### [DATA]
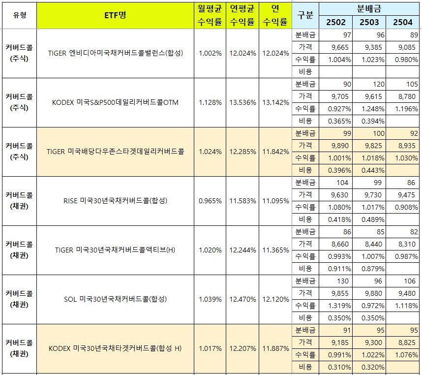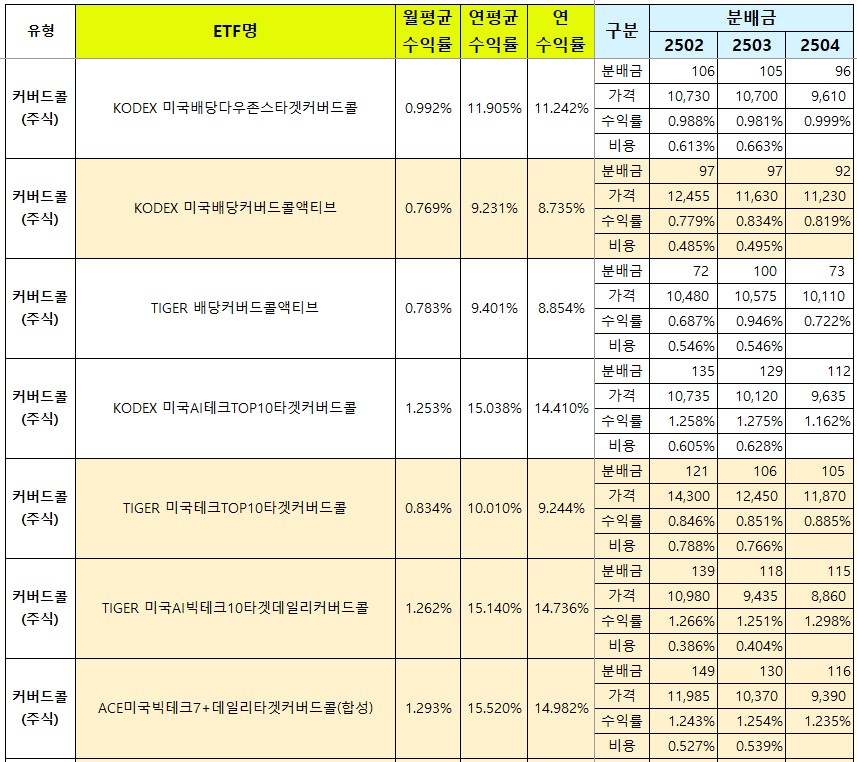 특히 커버드콜 전략을 활용한 상품들이 주목받고 있는데요, 이는 기초자산의 배당 외에도 콜옵션 매도 수익을 추가 배당으로 제공하기 때문입니다.
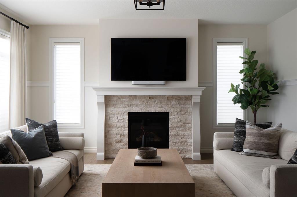 BILD Calgary Award Finalist | Built by Morrison Homes Backing onto a quiet, private wooded setting in Legacy, this beautifully upgraded estate home offers timeless design paired with exceptional functionality. Upgraded hardwood flooring flows throughout both the main and upper levels, complemented by ornate moldings and custom cabinetry that elevate every space. The chef-inspired kitchen is equipped with premium stainless steel appliances, granite countertops, custom glass cabinetry, and a striking statement hood fan. The open-concept main floor features a welcoming great room with gas fireplace, an elegant dining area with triple-panel patio doors, and a private office with custom built-ins. A thoughtfully designed mudroom, wet bar, and large enclosed pantry connect seamlessly to the heated triple attached garage. Upstairs, the spacious primary retreat offers a spa-like ensuite and walk-in closet, alongside three additional bedrooms, a full bathroom with dual sinks, a generous bonus room, and convenient upper-level laundry. The fully finished sunshine basement includes a bedroom with walk-in closet, a 4-piece bathroom, and a large recreation room—ideal for guests, teens, or extended family. Located just steps from the future Living Spirit Catholic School (K–9, opening 2026) and close to parks, shopping, and major roadways, this exceptional home combines luxury, comfort, and a rare wooded backdrop in one of Legacy’s most desirable family communities.
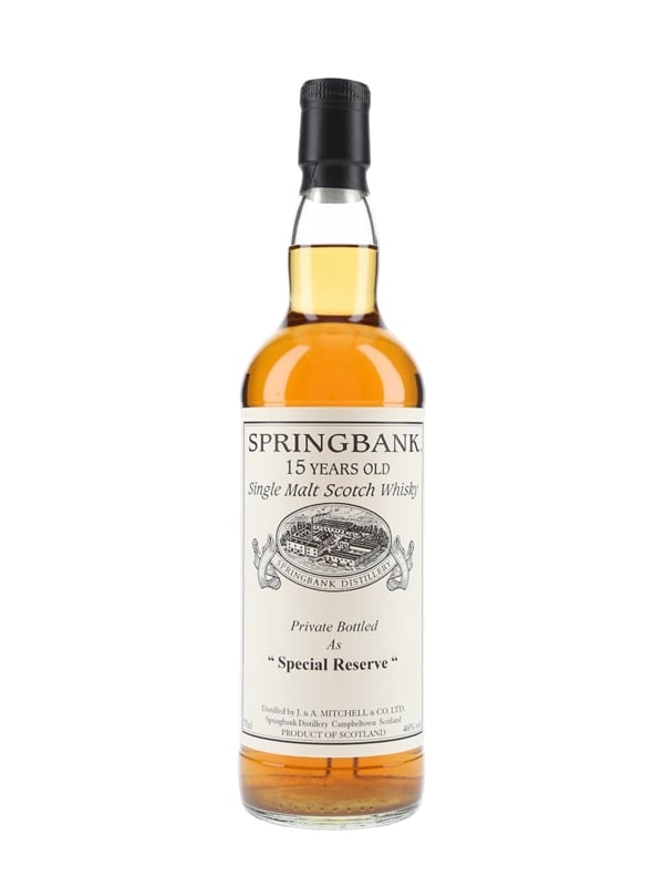 A private cask bottling of Springbank 15 Year Old Single Malt Scotch Whisky. This was distilled in 1996, matured in a single hogshead and bottled at 46% ABV as Special Reserve.
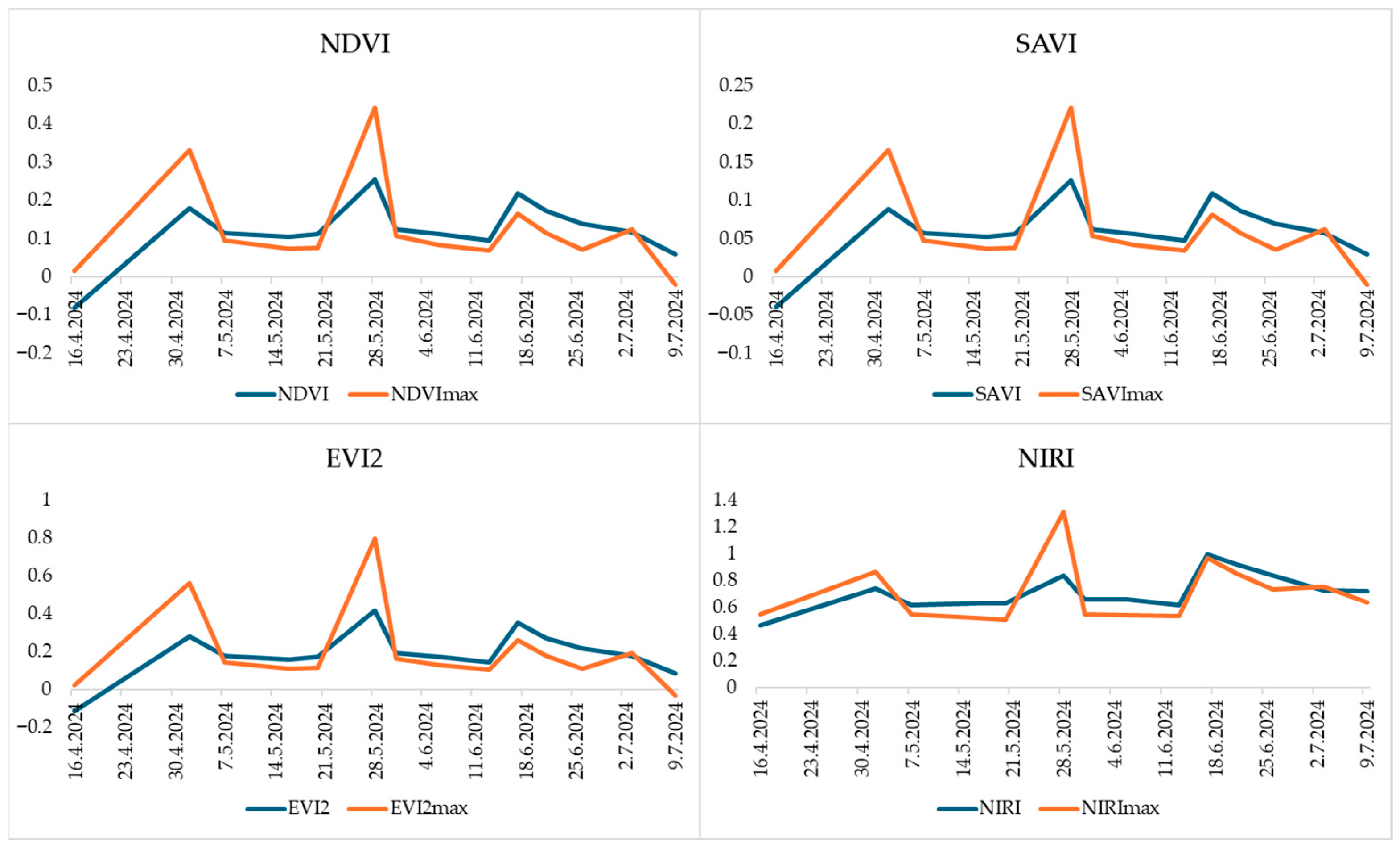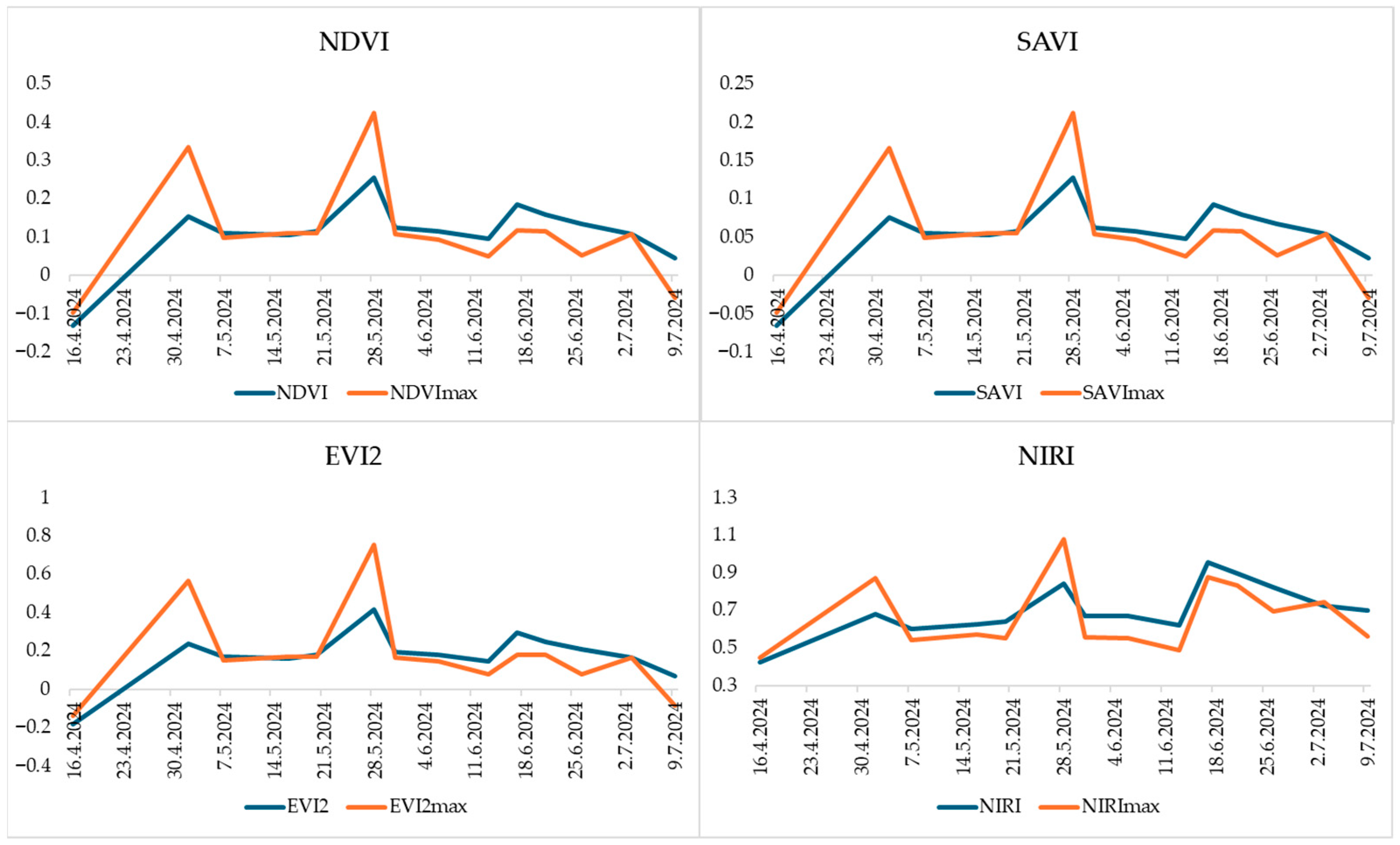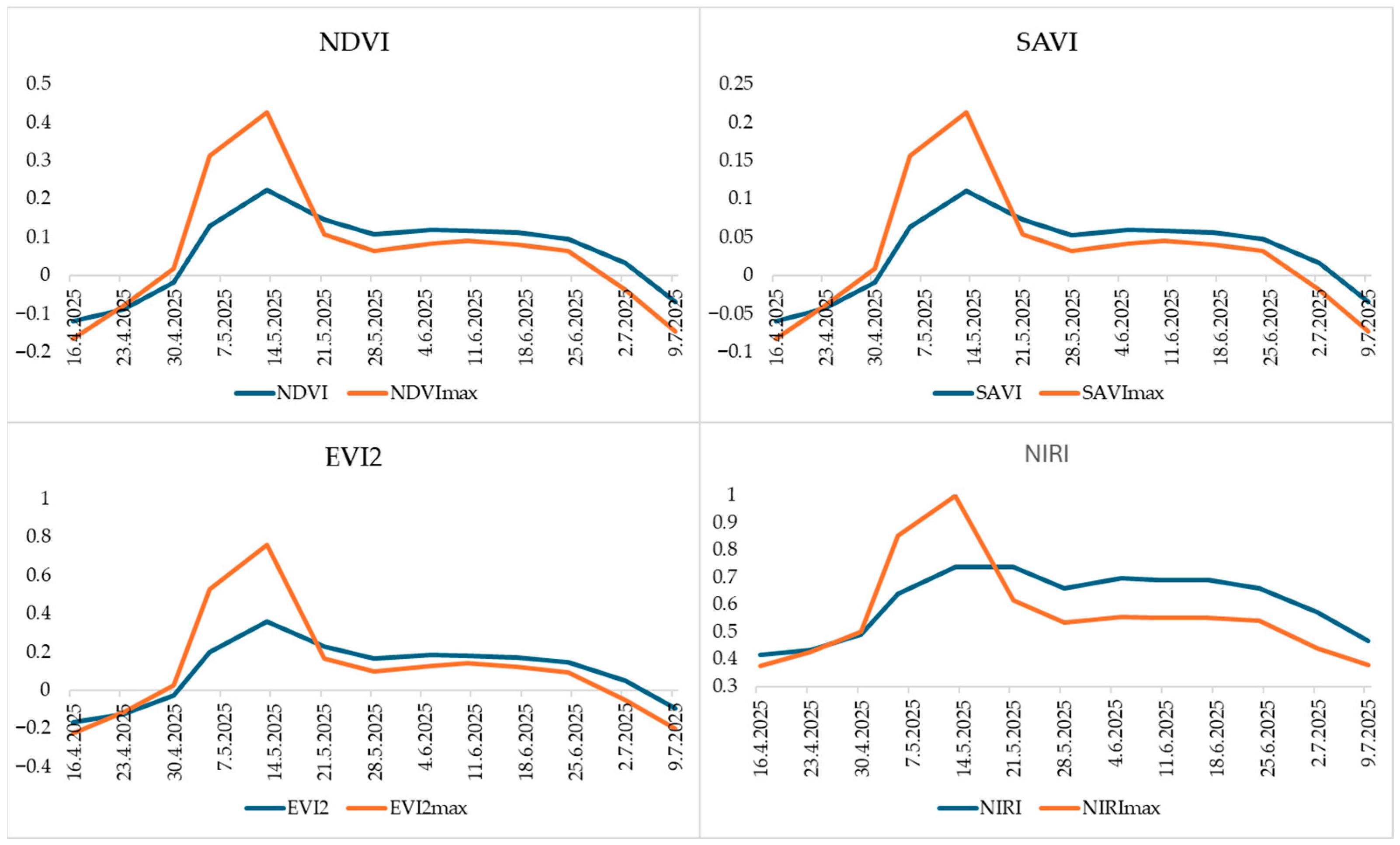- Atanasov, A. A drone-based study on the possibilities of agricultural crop assessment using reflectance index in NIR. Bulg. J. Agric. Sci. 2024, 30, 1136–1140. [Google Scholar]

### [WHAT YOU NEED TO DO]
None of the pictures should be reproduced; all other material above must be set down exactly.

### [SOLVED EXERCISE]
 특히 커버드콜 전략을 활용한 상품들이 주목받고 있는데요, 이는 기초자산의 배당 외에도 콜옵션 매도 수익을 추가 배당으로 제공하기 때문입니다.
 BILD Calgary Award Finalist | Built by Morrison Homes Backing onto a quiet, private wooded setting in Legacy, this beautifully upgraded estate home offers timeless design paired with exceptional functionality. Upgraded hardwood flooring flows throughout both the main and upper levels, complemented by ornate moldings and custom cabinetry that elevate every space. The chef-inspired kitchen is equipped with premium stainless steel appliances, granite countertops, custom glass cabinetry, and a striking statement hood fan. The open-concept main floor features a welcoming great room with gas fireplace, an elegant dining area with triple-panel patio doors, and a private office with custom built-ins. A thoughtfully designed mudroom, wet bar, and large enclosed pantry connect seamlessly to the heated triple attached garage. Upstairs, the spacious primary retreat offers a spa-like ensuite and walk-in closet, alongside three additional bedrooms, a full bathroom with dual sinks, a generous bonus room, and convenient upper-level laundry. The fully finished sunshine basement includes a bedroom with walk-in closet, a 4-piece bathroom, and a large recreation room—ideal for guests, teens, or extended family. Located just steps from the future Living Spirit Catholic School (K–9, opening 2026) and close to parks, shopping, and major roadways, this exceptional home combines luxury, comfort, and a rare wooded backdrop in one of Legacy’s most desirable family communities.
 A private cask bottling of Springbank 15 Year Old Single Malt Scotch Whisky. This was distilled in 1996, matured in a single hogshead and bottled at 46% ABV as Special Reserve.
- Atanasov, A. A drone-based study on the possibilities of agricultural crop assessment using reflectance index in NIR. Bulg. J. Agric. Sci. 2024, 30, 1136–1140. [Google Scholar]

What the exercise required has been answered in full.